For most cases, multiple independent subagents dispatched with run_in_background: true and collected afterward is simpler than a full team. Use teams when the agents genuinely need to deliberate together.

Token Overhead of Subagents

Every subagent call has overhead:

Spawning context: ~2K tokens to instantiate the subagent
Tool definitions: ~1K tokens per tool in the agent's tool set
MCP server tools: ~500 tokens per server, more for servers with many tools
System prompt: whatever you wrote in the agent definition body

A fully loaded subagent with 10 MCP servers and all tools can cost 15K tokens before it does anything. A lean subagent with 3 tools and no MCP servers might cost 3K tokens.

For agents that run frequently in automated pipelines, this overhead multiplies. 10 lean agents at 3K tokens each is 30K total overhead. 10 loaded agents at 15K tokens each is 150K tokens — a 5x difference in overhead alone.

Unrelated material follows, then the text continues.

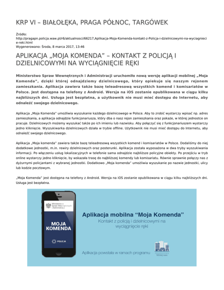 KRP VI – BIAŁOŁĘKA, PRAGA PÓŁNOC, TARGÓWEK Źródło: http://pragapn.policja.waw.pl/r6/aktualnosci/66217,Aplikacja-Moja-Komenda-kontakt-z-Policja-i-dzielnicowymi-na-wyciagnieci e-reki.html Wygenerowano: Środa, 8 marca 2017, 13:46 APLIKACJA „MOJA KOMENDA” – KONTAKT Z POLICJĄ I DZIELNICOWYMI NA WYCIĄGNIĘCIE RĘKI Ministerstwo Spraw Wewnętrznych i Administracji uruchomiło nową wersję aplikacji mobilnej „Moja Komenda”, dzięki której odnajdziemy dzielnicowego, który opiekuje się naszym rejonem zamieszkania. Aplikacja zawiera także bazę teleadresową wszystkich komend i komisariatów w Polsce. Jest dostępna na telefony z Android. Wersja na iOS zostanie opublikowana w ciągu kilku najbliższych dni. Usługa jest bezpłatna, a użytkownik nie musi mieć dostępu do Internetu, aby odnaleźć swojego dzielnicowego. Aplikacja „Moja Komenda” umożliwia wyszukanie każdego dzielnicowego w Polsce. Aby to zrobić wystarczy wpisać np. adres zamieszkania, a aplikacja odnajdzie funkcjonariusza, który dba o nasz rejon zamieszkania oraz pokaże, w której jednostce on pracuje. Dzielnicowych możemy wyszukać także po ich imieniu lub nazwisku. Aby połączyć się z funkcjonariuszem wystarczy jedno kliknięcie. Wyszukiwarka dzielnicowych działa w trybie offline. Użytkownik nie musi mieć dostępu do Internetu, aby odnaleźć swojego dzielnicowego. Aplikacja „Moja komenda” zawiera także bazę teleadresową wszystkich komend i komisariatów w Polsce. Dodaliśmy do niej dodatkowe jednostki, m.in. rewiry dzielnicowych oraz posterunki. Aplikacja została wyposażona w dwa tryby wyszukiwania informacji. Po włączeniu usług lokalizacyjnych w telefonie sama odnajdzie najbliższe policyjne obiekty. Po przejściu w tryb online wystarczy jedno kliknięcie, by wskazała trasę do najbliższej komendy lub komisariatu. Równie sprawnie połączy nas z dyżurnymi policjantami z wybranej jednostki. Dodatkowo „Moja komenda” umożliwia wyszukanie po nazwie jednostki, ulicy lub kodzie pocztowym. „Moja Komenda” jest dostępna na telefony z Android. Wersja na iOS zostanie opublikowana w ciągu kilku najbliższych dni. Usługa jest bezpłatna. Zainstaluj wtyczkę Flash, aby zobaczyć odtwarzacz. Ocena: 0/5 (0) Tweetnij

Lean configuration is not premature optimization. It is responsible resource management.

Lesson Drill

Create .claude/agents/ in your current project
Write a code-reviewer.md definition using the example above as a template
Write a test-writer.md definition scoped to your project's test framework
Run claude --agent code-reviewer "Review the last 3 files I edited" and verify the correct model is used
Spawn your test-writer with isolation: "worktree" on the Agent tool call and run a test-writing task — verify changes appear on a separate branch, not in your working tree

When your agents run on the right models for each task, with only the tools they need, you have moved from default configuration to intentional architecture.